- **PROBLEM DETAILS**:
What you return should match the material below line for line, except that no image appears in it.

- **RECORDED INFORMATION**:
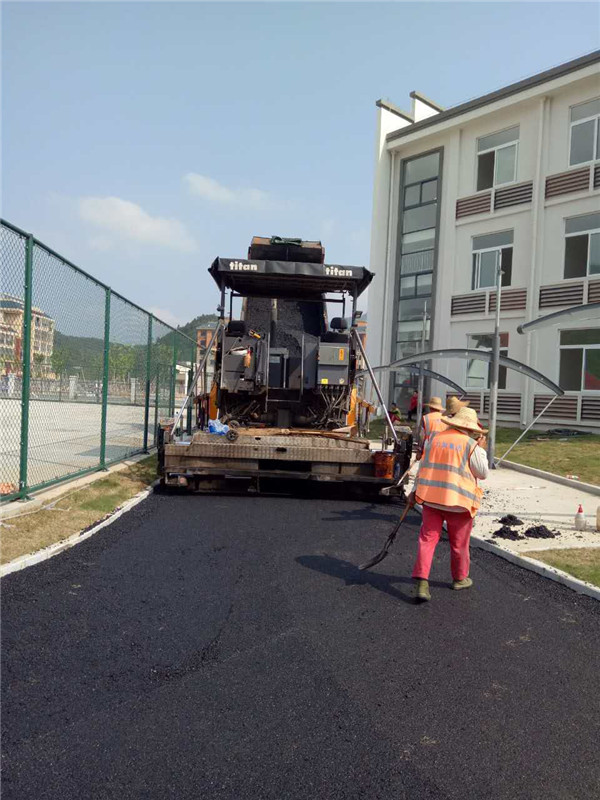 承接金寨县青山镇青山中心小学沥青道路工程,施工面积约2400平方,采用厚6cm AC-13沥青混合料摊铺。
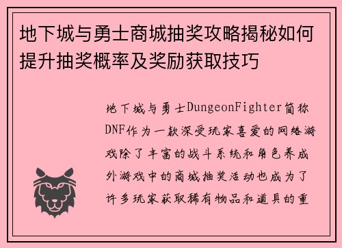 地下城与勇士(Dungeon & Fighter,简称DNF)作为一款深受玩家喜爱的网络游戏,除了丰富的战斗系统和角色养成外,游戏中的商城抽奖活动也成为了许多玩家获取稀有物品和道具的重要途径之一。虽然商城抽奖充满了随机性和惊喜,但如何提升抽奖的概率,获得更多的奖励,成为了不少玩家关心的话题。本文将通过四个方面的分析,详细揭秘地下城与勇士商城抽奖的攻略,帮助玩家们提高抽奖的效率,获取更丰厚的奖励。
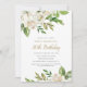 convites de festas de aniversário de 30 anos com impressão personalizada de barato com uma elegante borda floral pintada com sotaques de folha de ouro brancos, verdes e falsos. Personalize o modelo com os detalhes do evento ou use as ferramentas de design para personalizar o texto, escolha qualquer cor de fundo e edite as fontes para criar seu design exclusivo de convite de aniversário. O verso apresenta um fundo verde bonito ou usa o espaço para adicionar texto ou fotos, se necessário. Este lindo design floral neutro é perfeito para qualquer estação.

- **OUTPUT**:
 承接金寨县青山镇青山中心小学沥青道路工程,施工面积约2400平方,采用厚6cm AC-13沥青混合料摊铺。
 地下城与勇士(Dungeon & Fighter,简称DNF)作为一款深受玩家喜爱的网络游戏,除了丰富的战斗系统和角色养成外,游戏中的商城抽奖活动也成为了许多玩家获取稀有物品和道具的重要途径之一。虽然商城抽奖充满了随机性和惊喜,但如何提升抽奖的概率,获得更多的奖励,成为了不少玩家关心的话题。本文将通过四个方面的分析,详细揭秘地下城与勇士商城抽奖的攻略,帮助玩家们提高抽奖的效率,获取更丰厚的奖励。
 convites de festas de aniversário de 30 anos com impressão personalizada de barato com uma elegante borda floral pintada com sotaques de folha de ouro brancos, verdes e falsos. Personalize o modelo com os detalhes do evento ou use as ferramentas de design para personalizar o texto, escolha qualquer cor de fundo e edite as fontes para criar seu design exclusivo de convite de aniversário. O verso apresenta um fundo verde bonito ou usa o espaço para adicionar texto ou fotos, se necessário. Este lindo design floral neutro é perfeito para qualquer estação.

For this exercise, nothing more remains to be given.